Firstly, I think that is rainbow color scheme. Rainbow produces such vibrant colors.

The geology map in that sample dataset has colors already set (it may be indeed rainbow). Importantly, the resulting color table is not a gradient one. The values are categorical. Run r.report to understand more about this specific data. Compare to elevation. Aspect may be yet a little different.

But I dont know why binder shows "rainbow" colors as you have not provided any color arguments and default is "viridis".

viridis is used as a default internally. No work from users or in your code is needed. I hope this clarifies that.

And there is indeed a bug I am working on that is when a color scheme is applied it is somehow saved in cache or something(I am not sure yet) but when you refresh the same cell it renders the rasters with desired colors.

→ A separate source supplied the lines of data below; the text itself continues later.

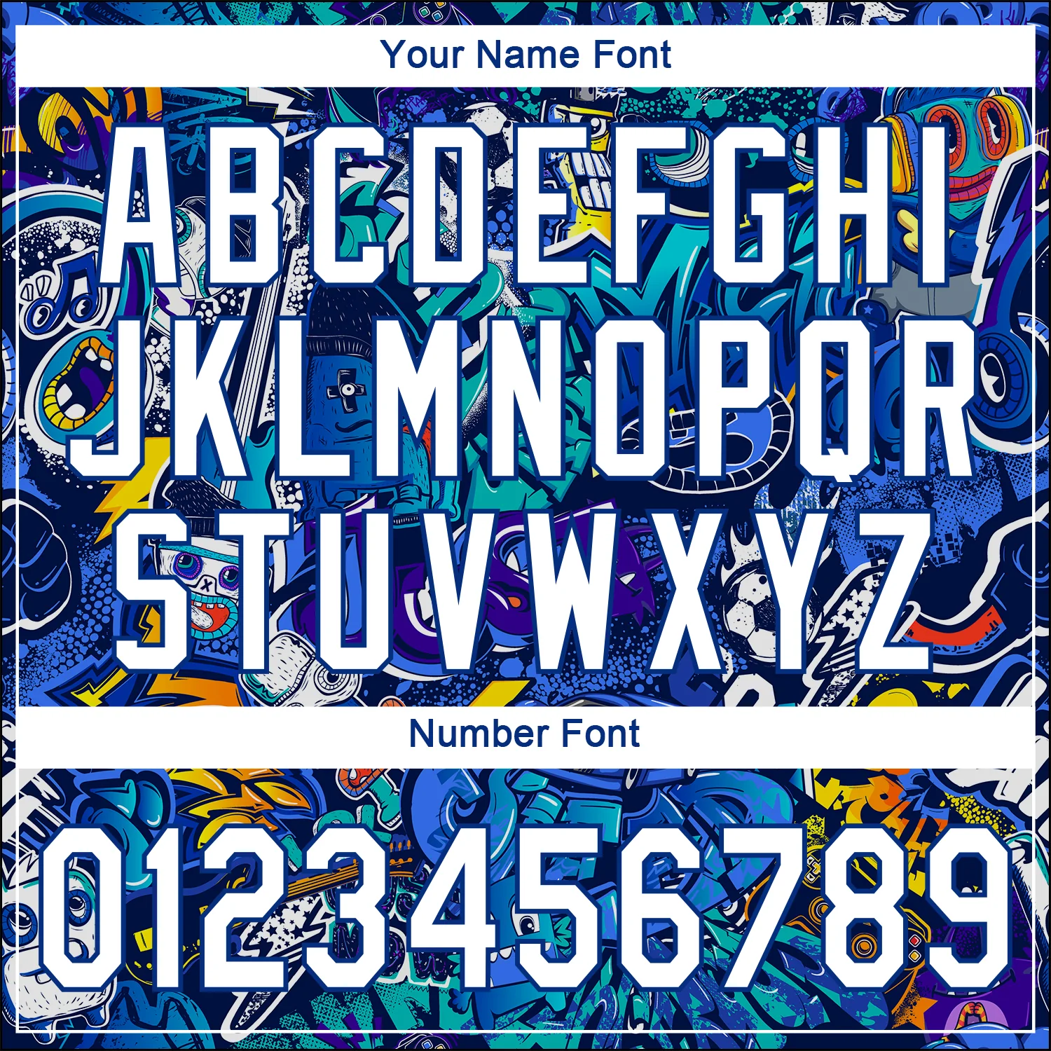 Custom Graffiti Pattern White-Royal 3D Authentic Baseball Jersey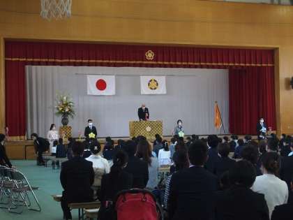 校庭には桜がしっかりと咲き,晴天の中,令和4年度 入学式が行われました。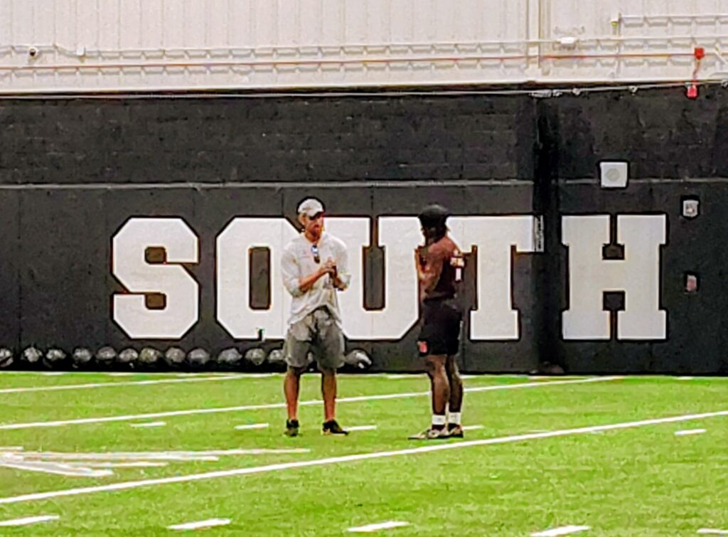 WITH LINEMAN KHYSEN BUFORD AFTER PRACTICE.
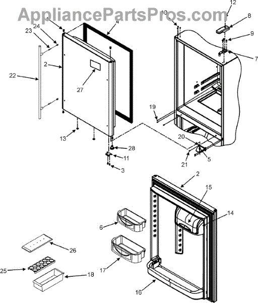 The Door Closure is an OEM replacement part for Whirlpool refrigerators. It is a small component that the door rides on that allows it to open and close properly. Causes of impaired operation involve age-related spring coil fatigue, dislodged or cracked plastic housing pieces, or confined door alignment stripping closure grooves. Symptoms of a faulty closure include: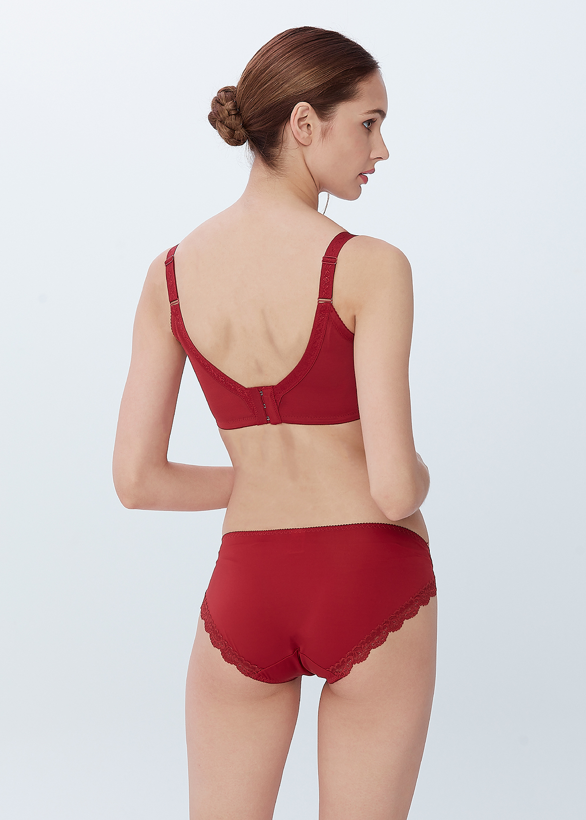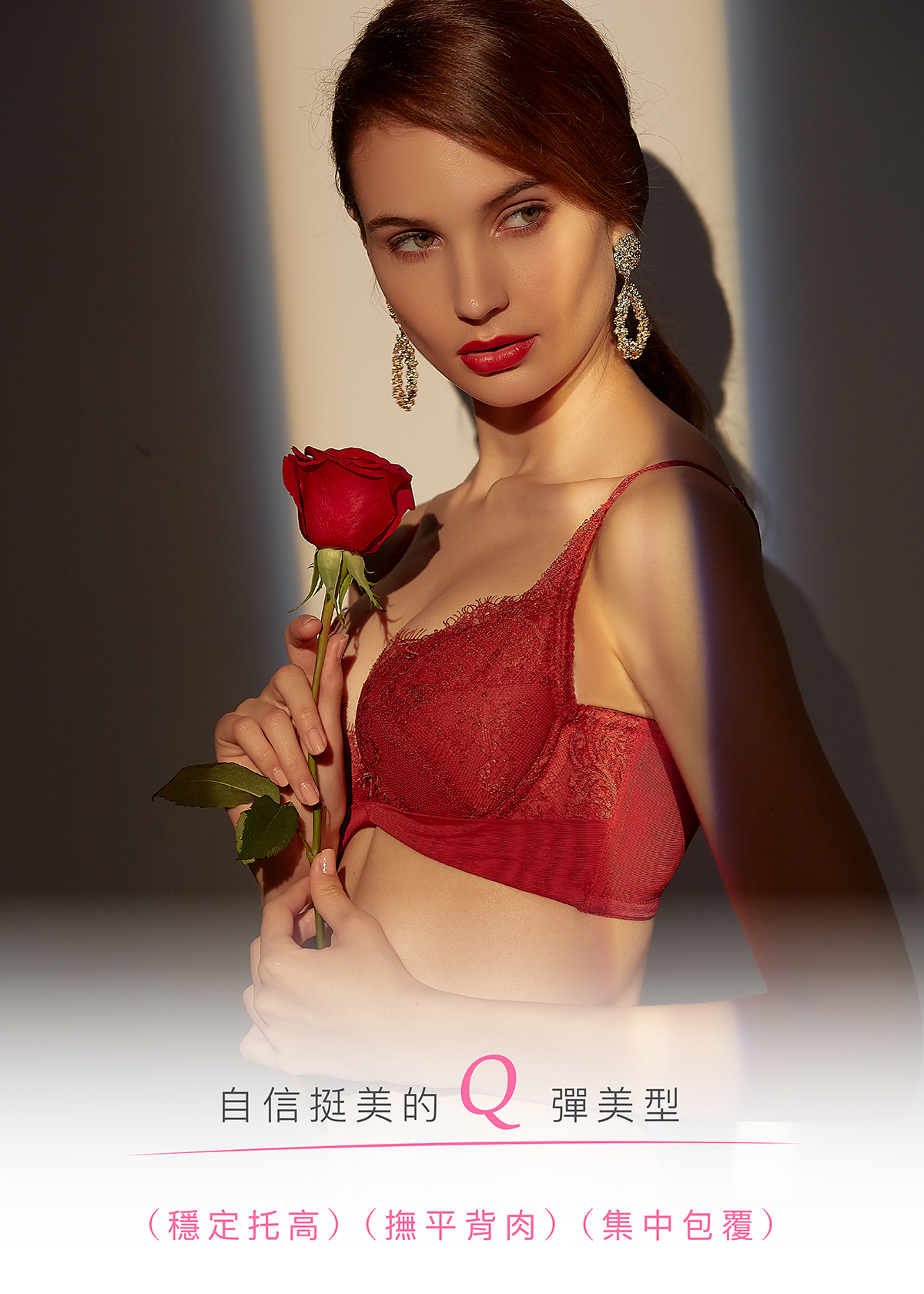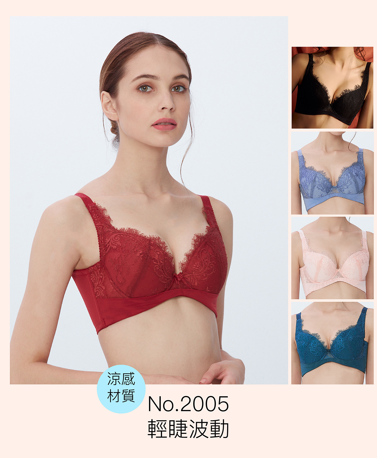 功能性:內提托(集中托高)、高背設計(撫平背肉)、低脊心設計(不壓迫胸骨)、三排扣

The color table is saved with the data in the GRASS project, so in a way, r.colors call modifies the data (or let's say visualization metadata), so that's why you should not be using it in the code (you should have an example which uses that, though). Generate new data with r.surf.fractal to get an example for that use case.

@wenzeslaus In the meantime, I observed binder itself behaves little quirky. Forget about the add_legend method for now and kindly see the snippet below.

m = InteractiveMap(height = 500, width = 1000)
raster = "elevation"
gs.run_command('r.colors', map=raster, color='magma')
m.add_raster(raster)
m.show()
binder1
m = InteractiveMap(height = 500, width = 1000)
raster = "elevation"
gs.run_command('r.colors', map=raster, color='viridis')
m.add_raster(raster)
m.show()
binder1

No matter what color scheme I choose it never updates the rendering for any rasters, although add_legend method works fine it generates as per any given color scheme. Firefox SS you shared worked fine in my end.
While working in actual jupyter lab or notebook works fine in both chrome and firefox but binder produces buggy and quirky outputs.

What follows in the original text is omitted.